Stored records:
Content starts
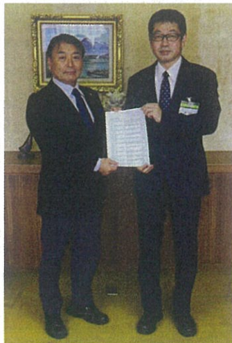
泉区長へ来年度予算の要望
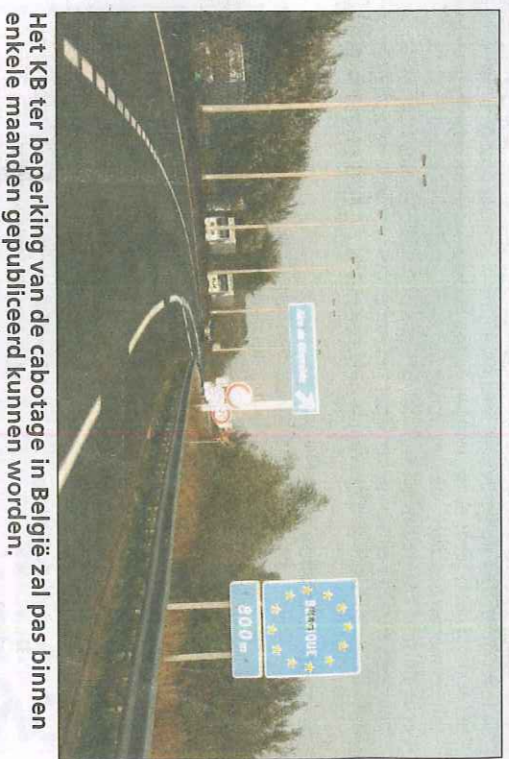
Het KB ter beperking van de cabotage in België zal pas binnen enkele maanden gepubliceerd kunnen worden.

Op Europees niveau zou er deze week in Straatsburg een 'triloog'
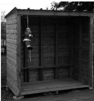
De nouveaux abris bus
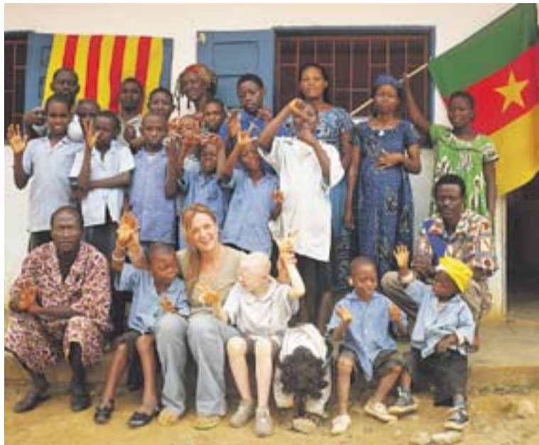
© L'escola de sords IMSHA a Camerun -en una imatge d'arxiu- rebrà ajut. || CEDIDA

Un quart projecte que també rebrà subvenció municipal és el de l'entitat UnomasUno+ a Gàmbia titolat "Desenvolupament agrícola
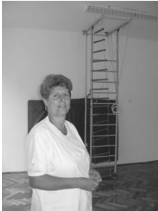
A Platán Úti Óvoda vezető óvónője büszkén mutatja az elkészült tornaszobát

Óvodában 240 ezer forintot költöttek a mosdó felújítására. A Menház Úti Óvodában 580 ezer forintért tetőfelújításra került sor, a Dobó Úti Óvodában pedig a kazánok felújítása vált szükségessé 2 millió forint értékben. Mátrafüreden a Hanák Kolos Általános Iskola, Kollégium és Óvoda társadalmi munka és a Polgármesteri Hivatal 50 ezer forintos segítségével a mosdókat újította fel.
Content ends
For this exercise, reproduce exactly the lines of the records above from the one with "Het KB ter beperking" up to and including the one with "Un quart projecte", without pictures.

Het KB ter beperking van de cabotage in België zal pas binnen enkele maanden gepubliceerd kunnen worden.

Op Europees niveau zou er deze week in Straatsburg een 'triloog'
De nouveaux abris bus
© L'escola de sords IMSHA a Camerun -en una imatge d'arxiu- rebrà ajut. || CEDIDA

Un quart projecte que també rebrà subvenció municipal és el de l'entitat UnomasUno+ a Gàmbia titolat "Desenvolupament agrícola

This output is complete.